# 93 octane on stock 2017 rs OK?



## Gomez 2017RS (Aug 15, 2021)

I would like to ask if running a 93 octane ob a stock 2017 cruze would cuase engine problem? Or should i just stick with 87 octane?


----------



## Thebigzeus (Dec 2, 2018)

It's fine, Cruze like higher octane.


----------



## JLL (Sep 12, 2017)

Thebigzeus said:


> It's fine, Cruze like higher octane.


Anything with forced induction likes higher octane.


----------



## Johnny B (Jun 4, 2019)

Well, from what info I have gathered using 93 octane is a very good idea. It will actually help prevent engine damage, and it will run better. That said, my Gen1 does just fine on 87 octane except when outside temperatures get above about 35 C.


----------



## Patman (May 7, 2011)

Johnny B said:


> Well, from what info I have gathered using 93 octane is a very good idea. It will actually help prevent engine damage, and it will run better. That said, my Gen1 does just fine on 87 octane except when outside temperatures get above about 35 C.

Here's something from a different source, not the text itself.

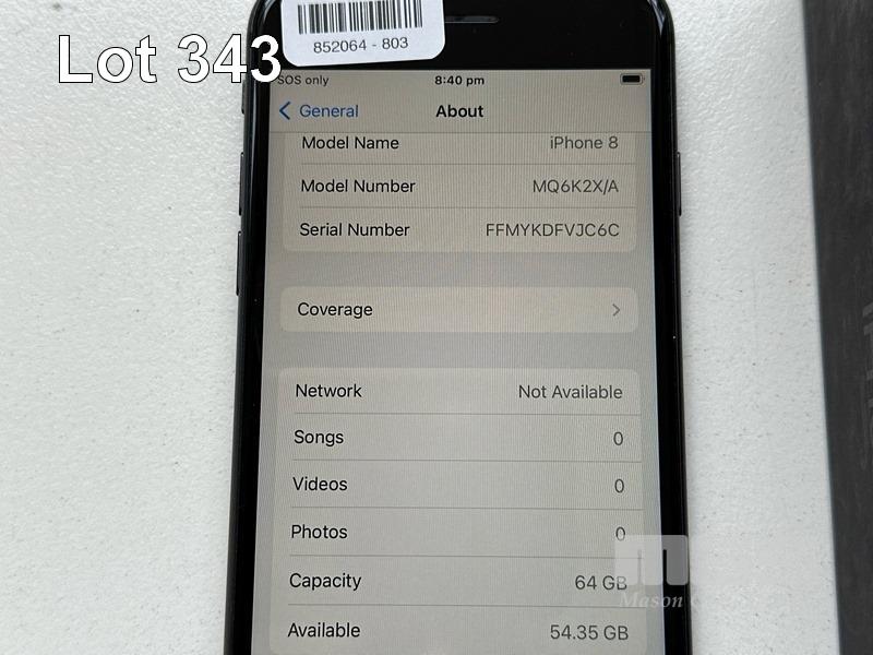 APPLE iPHONE 8, 64GB, SPACE GREY, MODEL MQ6K2X/A, BATTERY HEALTH 84% (NO CABLE, NO CHARGER) S/N:FFMYKDFVJC6C
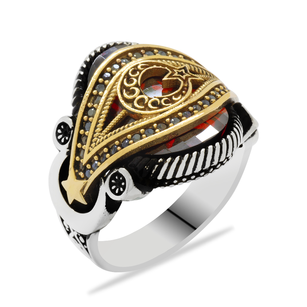 Kırmızı Zirkon Taşlı Ayyıldız Kemerli 925 Ayar Gümüş Yüzük

Yes the car will "run with 87" octane but once you use anything above that, You will notice improved performance and MPG. I typically use 89 octane in both my 2016 1.4's Occasionally I may use 87 in my RS because it already has the improved performance over my LT but I do notice a drop in MPG with the 87 octane so I just stick with the 89 octane. I definitely will not hurt it and once you try it you will ask yourself why haven't I done this sooner. Give it a try and the most you have to lose is a tank of Gas and some lost HP. LOL


----------



## Johnny B (Jun 4, 2019)

I do use 93 octane now and then, mostly during heat waves. And yes, without a doubt running premium will give the best power and mpg. If the gas stations wouldn't charge such a premium price for premium gas I would probably use it. The problem is that premium gas is 124% the cost of regular gas, and I get about 2-3% better mpgs. And with my long commute the added cost isn't worth it for me.


----------



## Barry Allen (Apr 18, 2018)

If you have access to 93 octane, that's rare. If you have access to 93 octane without ethanol, that's RARE.

Run it if the price is comparable to 91 octane and isn't too much higher than 89 octane.


----------



## Barry Allen (Apr 18, 2018)

Find 93 Octane Gas: Locate Gasoline Stations Selling Premium


93 Octane Gas Finder. Discover where to find gas stations in your area that have 93 octane gasoline!




find93.com


----------



## snowwy66 (Nov 5, 2017)

The mileage goes up and down.

The mileage goes down and up. 

Takes 1 1/2 tanks.

I end up the same economy regardless of 91 ethanol or 88 non.

I don't notice any performance increase.


----------



## Blasirl (Mar 31, 2015)

Gomez 2017RS said:


> I would like to ask if running a 93 octane ob a stock 2017 cruze would cuase engine problem? Or should i just stick with 87 octane?


I am able to get 89, 91 and 93 where I am. I use 93 and on my Gen I prior to tuning, there was a significant difference in performance.

Here is a dyno sheet showing the results:








Blasirl’s Build:


I really hate the editing interface. I was way deep in creating this post and because of a misdropped photo, it deleted the entire post. 45 minutes down the drain. They really need to create an auto draft saver or something. AAARRRRRG!




www.cruzetalk.com


----------



## 6Speed2016LT (Jun 14, 2016)

In Canada we have Ultra 94 Octane which is widely available at Petro Canada gas stations. I use it exclusively in the summer months and it makes a big difference. In the winter I switch back to 89


----------